» **Aim of the exercise**
The whole listing is to be given again without alteration, except that its pictures are dropped.

» **Data segment**
--
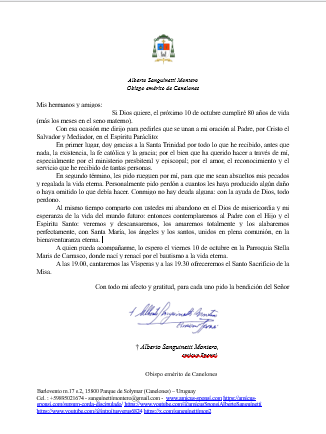 A quien pueda acompañarme, lo espero el viernes 10 de octubre en la Parroquia Stella Maris de Carrasco, donde nací y renací por el bautismo a la vida eterna.
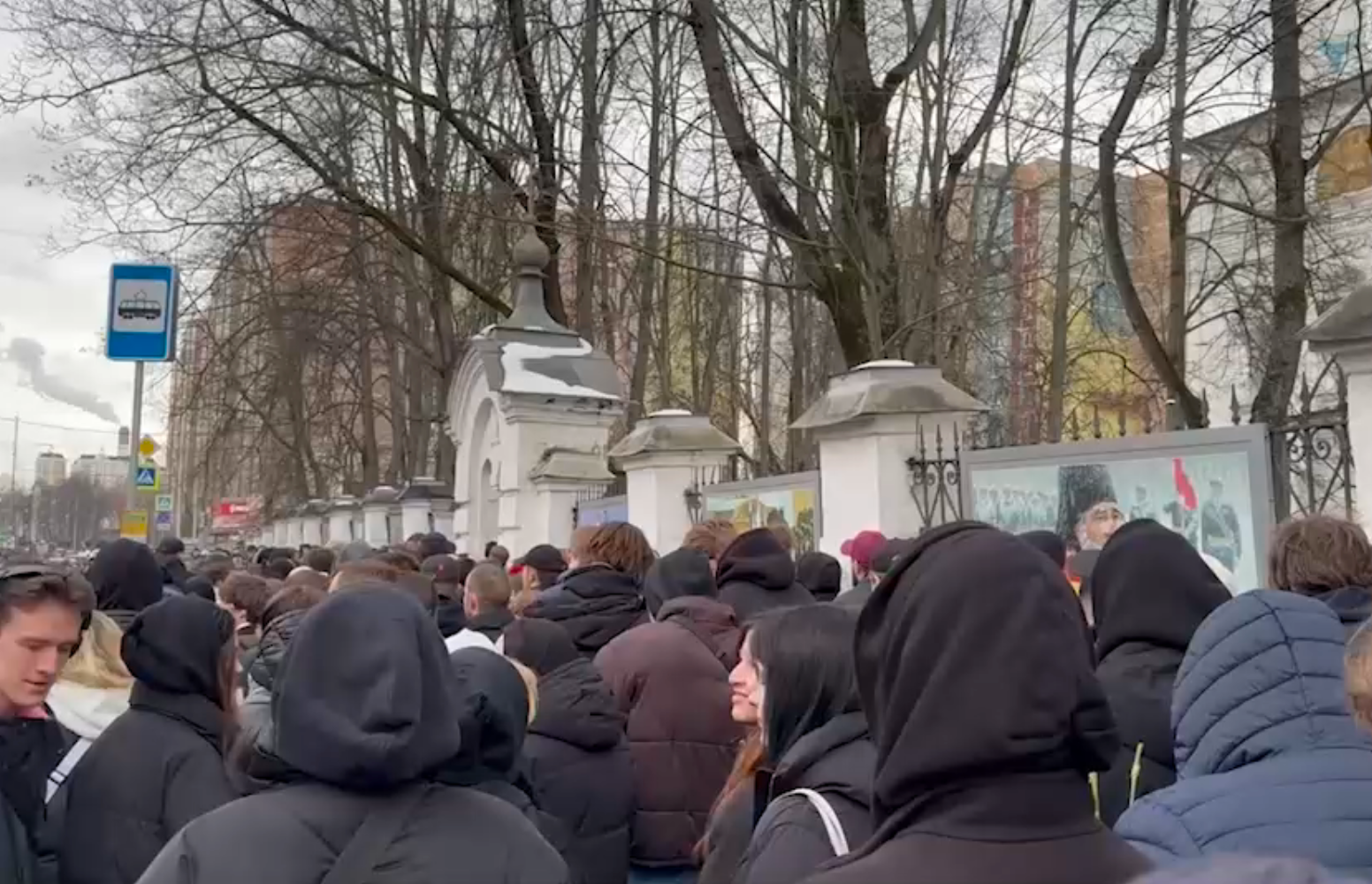 Больше тысячи человек скандируют "Паша Техник" у храма в Лефортово. Вход на территорию уже закрыли — людей слишком много.
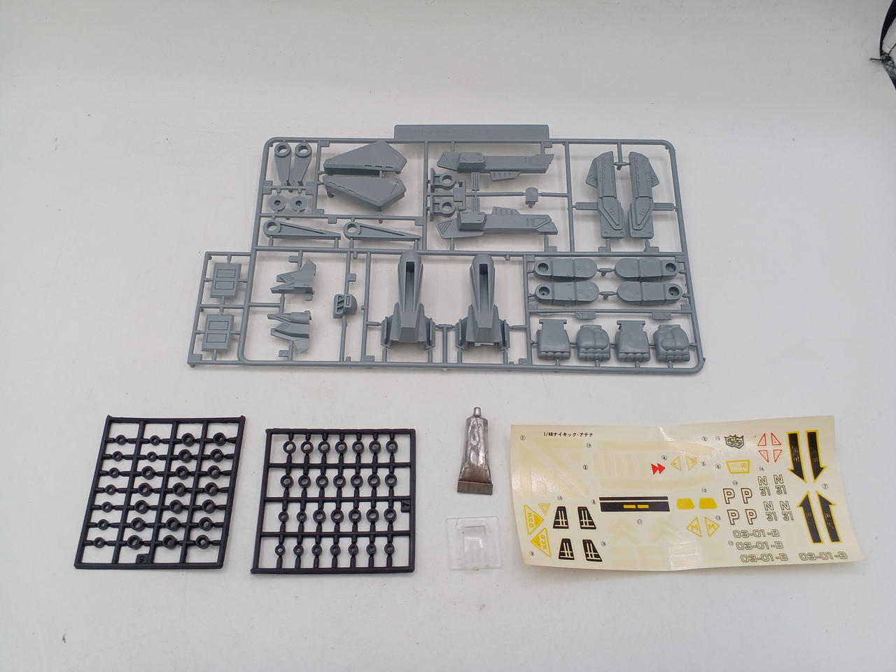 未組立品ですが、内袋が開封されています。一部のパーツがランナーから外れています。 |
--
» **Task solution**
 A quien pueda acompañarme, lo espero el viernes 10 de octubre en la Parroquia Stella Maris de Carrasco, donde nací y renací por el bautismo a la vida eterna.
 Больше тысячи человек скандируют "Паша Техник" у храма в Лефортово. Вход на территорию уже закрыли — людей слишком много.
 未組立品ですが、内袋が開封されています。一部のパーツがランナーから外れています。 |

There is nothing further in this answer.